Technology Other News 26 Sep 2016 Sloppy IoT security ...

Sloppy IoT security leads to more DDOS attacks: Report

DECCAN CHRONICLE
Published Sep 26, 2016, 3:29 pm IST
Updated Sep 26, 2016, 3:31 pm IST
More than half of all IoT attacks originate from China and the US, based on the location of IP addresses to launch malware attacks.
Cybercriminal networks are taking advantage of negligent Internet of Things (IoT) device security. (Representational image)
 Cybercriminal networks are taking advantage of negligent Internet of Things (IoT) device security. (Representational image)

Cyber security firm Symantec on Monday unveiled a new research indicating how cybercriminal networks are taking advantage of negligent Internet of Things (IoT) device security to spread malware.

The security firm’s ‘Security Response’ team has discovered that cybercriminals are hijacking home networks and everyday consumer connected devices to help carry out distributed denial of service (DDoS) attacks on more profitable targets, usually large companies.

 

To succeed, they need cheap bandwidth and get it by stitching together a large web of consumer devices that are easy to infect because they lack sophisticated security.

The research also pointed out that more than half of all IoT attacks originate from China and the US, based on the location of IP addresses to launch malware attacks.

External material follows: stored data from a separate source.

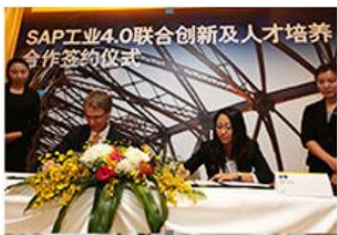
SAP 与同济大学建立创新合作
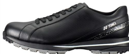
女性用「パワークッション 706L」左からホワイト、ブラック
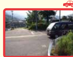
10 合流する車に注意
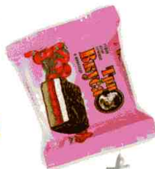
«Три вкуса» Ассорти (цитрус, персик, клюква)

Трехслойная начинка из суфле, желе и бисквита в натуральной шоколадной глазури. Срок годности — 3 месяца
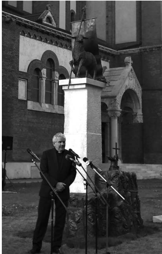
Kiss-Rigó László katolikus megyéspüspök a Gulág áldozatainak állított emlékmű előtt

Ha képzeletben egymás mögé raknánk azokat a marhavagonokat, amelyekben 800 ezer honfitársunkat vitték el Magyarországról csaknem ezer Gulág rabtelepre, hogy ott kényszer munkát végezzenek, akkor az eleje Debrecennél lenne, a vége pedig Székesfehérvárnál. Ez a képzeletbeli szerelvény olyan hosszú, hogy még az úrból sem lehetne eltéveszteni – hangsúlyozta a miniszterhelyettes. A vagonok tele voltak megnyomorított sorsokkal, reménytelenséggel, bizonytalansággal, igazságtalansággal, olyan emberekkel, akik
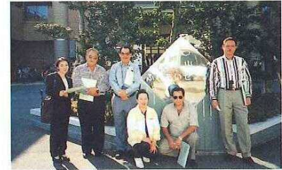
岡山ふれあいセンター視察

High numbers of attacks are also originating from Germany, Netherlands, Russia, Ukraine, and Vietnam. In some cases, IP addresses may be proxies used by attackers to hide their true location.

Most IoT malware targets non-PC embedded devices such as web servers, routers, modems, network attached storage (NAS) devices, closed-circuit television (CCTV) systems, and industrial control systems.

 

Many are Internet-accessible but they may not include any advanced security features, due to their operating system and processing power limitations.

Most online attackers are now highly aware of insufficient IoT security and many pre-program their malware with commonly used and default passwords, allowing them to easily hijack IoT devices.

Poor security on many IoT devices makes them easy targets, and often victims may not even know they have been infected.

The security firm found out that 2015 was a record year for IoT attacks, with insights highlighting the increased likeliness of attacks on home automation and home security devices. Since IoT devices do not involve any changes after initial setup, it becomes a easy target for hackers.

 

As the amount of embedded devices connected to the Internet rise, attacks originating from multiple IoT platforms have also been expected to rise rapidly in future.